L'anime tranche consi­dé­ra­ble­ment avec les autres oeuvres de la man­ga­ka sur le plan du scé­na­rio puisque l'heure n'est pas au co­mique mais au tra­gique. Tour­née da­van­tage sur la psy­cho­lo­gie des per­son­nages et les drames hu­mains que sur l'ac­tion, Mer­maid Fo­rest ap­pa­raît dès lors comme une série fan­tas­tique assez sombre. Il faut dès lors por­ter une at­ten­tion par­ti­cu­lière aux per­son­nages prin­ci­paux, ce que fait Ta­ka­ha­shi pour Yuta, lui don­nant un fond qui per­met de com­prendre cha­cune de ses ré­ac­tions. Le jeune homme s'ap­pro­chant des 500 ans, on le verra ainsi dans des his­toires sur­ve­nues à dif­fé­rentes époques qui ap­portent un charme his­to­rique et de l'ori­gi­na­li­té à une his­toire an­crée dans le pré­sent et pour­tant sur­na­tu­relle. En effet, Ru­mi­ko Ta­ka­ha­shi trouve là un for­mi­dable sujet pour re­pré­sen­ter les mythes ja­po­nais, celle de la si­rène en par­ti­cu­lier. On est loin de la ver­sion oc­ci­den­tale puisque ces créa­tures sont dé­mo­niaques et mons­trueuses, tout comme les hu­mains ayant mangé leur chair. L'anime offre alors son lot de monstres hi­deux et de gore. Oui, cette oeuvre n'est as­su­ré­ment pas pour le pu­blic ha­bi­tuel de l'au­teur (quoique Inu Yasha s'en rap­proche). On re­gret­te­ra juste la ré­pé­ti­ti­vi­té des his­toires, où l'on ren­contre tou­jours une fa­mille qui pos­sède des restes de si­rène qu'elle uti­lise à mau­vais es­cient, et le fait que Mana soit at­teinte par le syn­drome Kim Bauer (je me pro­mène et je tombe in­évi­ta­ble­ment sur des psy­cho­pathes).

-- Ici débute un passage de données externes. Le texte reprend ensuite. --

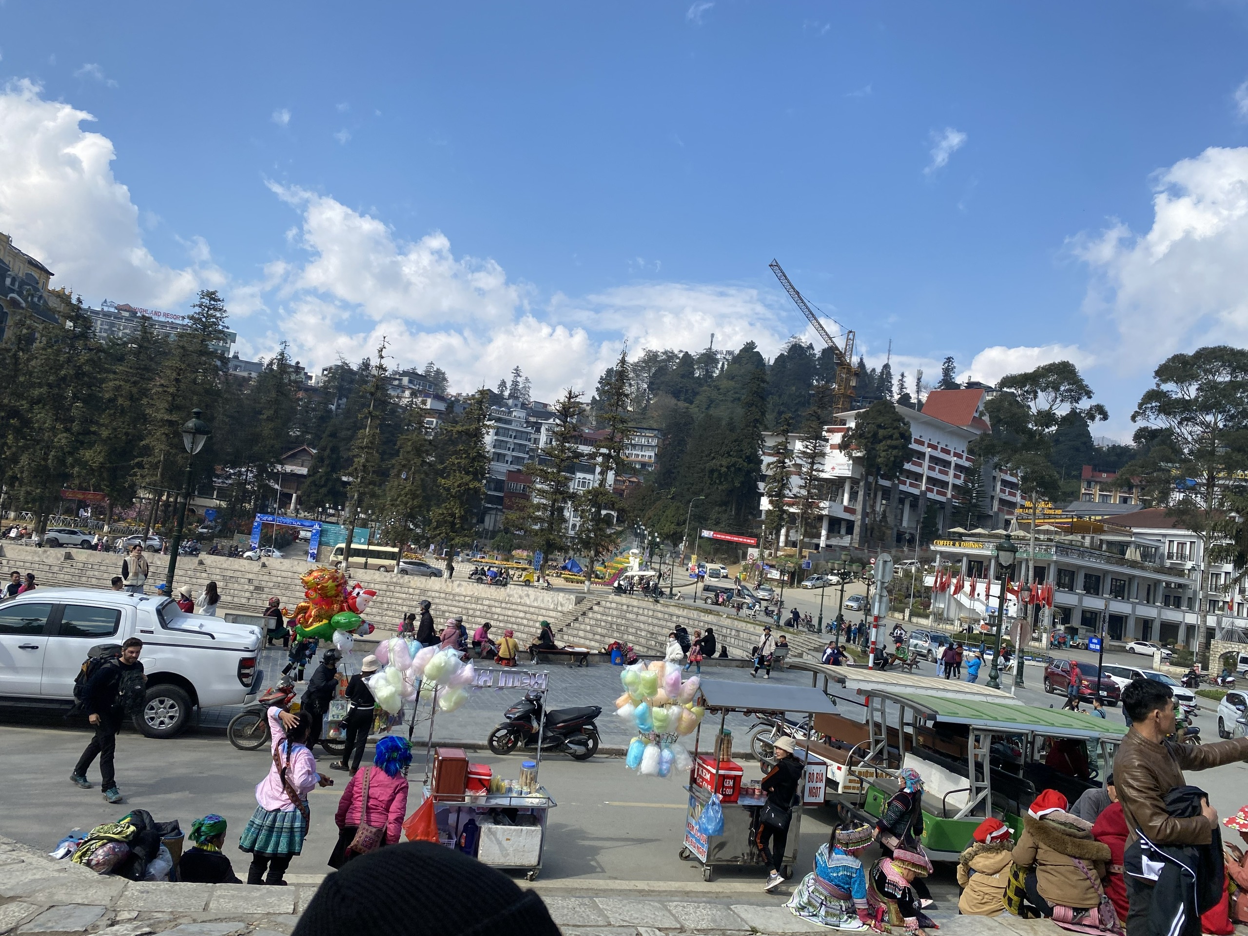 Cuối chiều, chúng tớ đã đi chợ Sapa để mua đồ ăn cho bữa tối. Chúng tớ đã quyết định tự nấu lẩu ăn cho bè mồm – Chi nói vậy ? , vì thấy đó là một cách thú vị và tiết kiệm. Chợ Sapa thực sự lớn và đa dạng, có nhiều loại hàng hóa và đặc sản. Chúng mình đã chia nhau ra làm nhiều việc. Mình và Đăng đứng trông cá tầm 2.15kg, Hương đưa tôi 500 nghìn và khẳng định chắc nịch là thừa :>, và kết quả thì ai cũng biết. Giang buồn ngủ nên coi xe, để tránh bị mất cắp. Chi, Hương và Long vô chợ mua nốt đồ làm lẩu với đồ ăn vặt. Và chuẩn bị lên đường về homestay thôi nào

On re­trouve avec plai­sir le style gra­phique de Ru­mi­ko Ta­ka­ha­shi, Yuta ayant d'ailleurs un faux air de Ryoga, bien mis en avant par une ani­ma­tion soi­gnée. Les des­si­na­teurs ont fait un ef­fort au ni­veau des dé­tails his­to­riques et des cou­leurs pour rendre l'anime en­core plus at­trac­tive, en par­ti­cu­lier sur le on­zième épi­sode. On est à chaque fois trans­por­té dans un uni­vers dif­fé­rent et tou­jours in­quié­tant. Les tons sombres, par­fois très contras­tés par un blanc an­gé­lique, et la mu­sique an­gois­sante viennent ren­for­cer cet effet. Le dou­blage est de qua­li­té, uni­que­ment dis­po­nible en ja­po­nais, et on a juste le droit aux sous-​titres fran­çais et néer­lan­dais qui ne sont d'ailleurs pas exempts de fautes d'or­tho­graphe. Les bonus sont som­maires avec les ha­bi­tuelles bandes-​an­nonces de l'édi­teur et une ga­le­rie de des­sins.

 

 


La ver­sion anime de Mer­maid Fo­rest
fait hon­neur au manga de Ru­mi­ko Ta­ka­ha­shi puisque l'ani­ma­tion est les gra­phismes sont de qua­li­té, bien aidés par un scé­na­rio tra­vaillé. Les fans des oeuvres les plus connues de la man­ga­ka de­vraient trou­ver là un nou­veau ter­rain de jeu, certes moins co­mique mais tout aussi pre­nant.